Interactive Strategy Will Blow Your Mind!
On Tuesday, June 7th, at 2:00 p.m., anyone attending the National Conference on Volunteering and Service will make a tough decision because there are several really amazing conference forums taking place that afternoon.
…. and if you choose the Interactive Strategy Forum, your head just might explode.
The Interactive Strategy Forum will feature more than 20 discussion tables, all staffed by leaders in nonprofit technology, all leading relevant, timely discussions and Q&A on topics you care about.
Participants can rotate to different tables/topics during the session, learn best practices & innovative approaches, hear about new tools and get answers to burning questions.

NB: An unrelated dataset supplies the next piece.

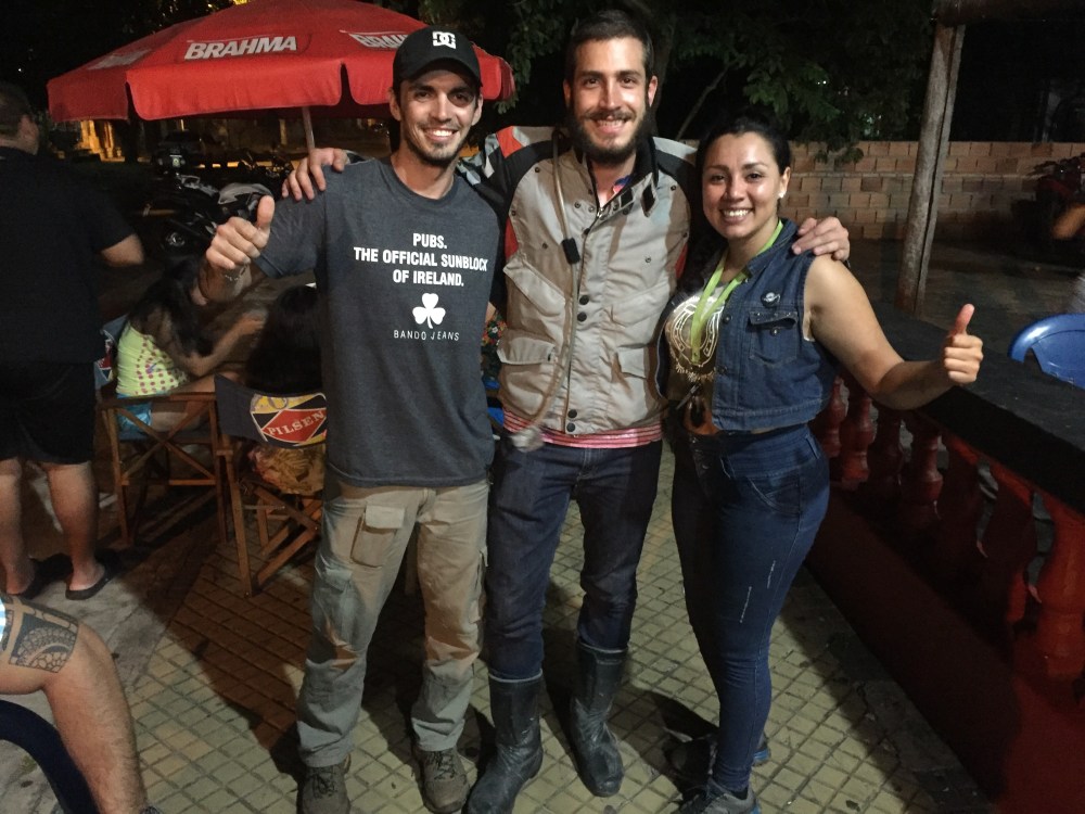 Acá en la foto con Jorge Cataldo y su esposa. Jorge es el presidente de Riders y hace aproximadamente dos años empezó a expandirlo por Suramérica y Centroamérica. Tienen un sistema para ayudar a los viajeros que funciona muy bien; a través de la aplicación Telegram, meten al viajero por el país que esté rodando, le dan consejos, lo ayudan, etc., al salir del país, se sale del grupo y entra al del siguiente país… Así sucesivamente hasta que regresa a su país de origen y queda en el grupo de ahí, para ayudar a los próximos viajeros que pasen por su país (yo que soy de Colombia, cuando llegue a mi país, entro al grupo y le ayudó a los que pasen por ahí…).

Additionally, experienced table hosts will provide session take away materials.
Check out the amazing line up of speakers and topics:
How to Get Huge Online in 10 Minutes for Free
Daniel Sieradski, Repair the World
In this session, you’ll learn how to use completely free tools to create an effective, professional-looking online presence that champions your brand and engages volunteers. We’ll cover the basics of content strategy, content management systems, email marketing, social media, search engine optimization, and volunteer opportunity search engines.
Introducing Likeminded
Arthur Coddington, Craigslist Foundation
LikeMinded is an online tool for offline action that helps people build on one another’s community projects no matter where they are. This hands-on workshop will explore how LikeMinded can help us inspire and inform one another by sharing stories of our local projects.

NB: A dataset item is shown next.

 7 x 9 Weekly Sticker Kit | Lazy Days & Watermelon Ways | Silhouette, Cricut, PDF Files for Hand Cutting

Producing Mixed Reality, Cross-Platform, Live-interactive Events
Susan Tenby, Online Community and Social Media Director
Evonne Heyning, Interactive Producer, TechSoup Global
An increasingly effective, low-impact, inexpensive and popular means of connecting geographically distributed volunteers and supporters mixed reality events blend live and virtual communication platforms. Session participants will learn how to produce an event and will have the opportunity participate in a live mixed reality event at the session itself. We will feature 5 tools that showcase the collaborative online experience.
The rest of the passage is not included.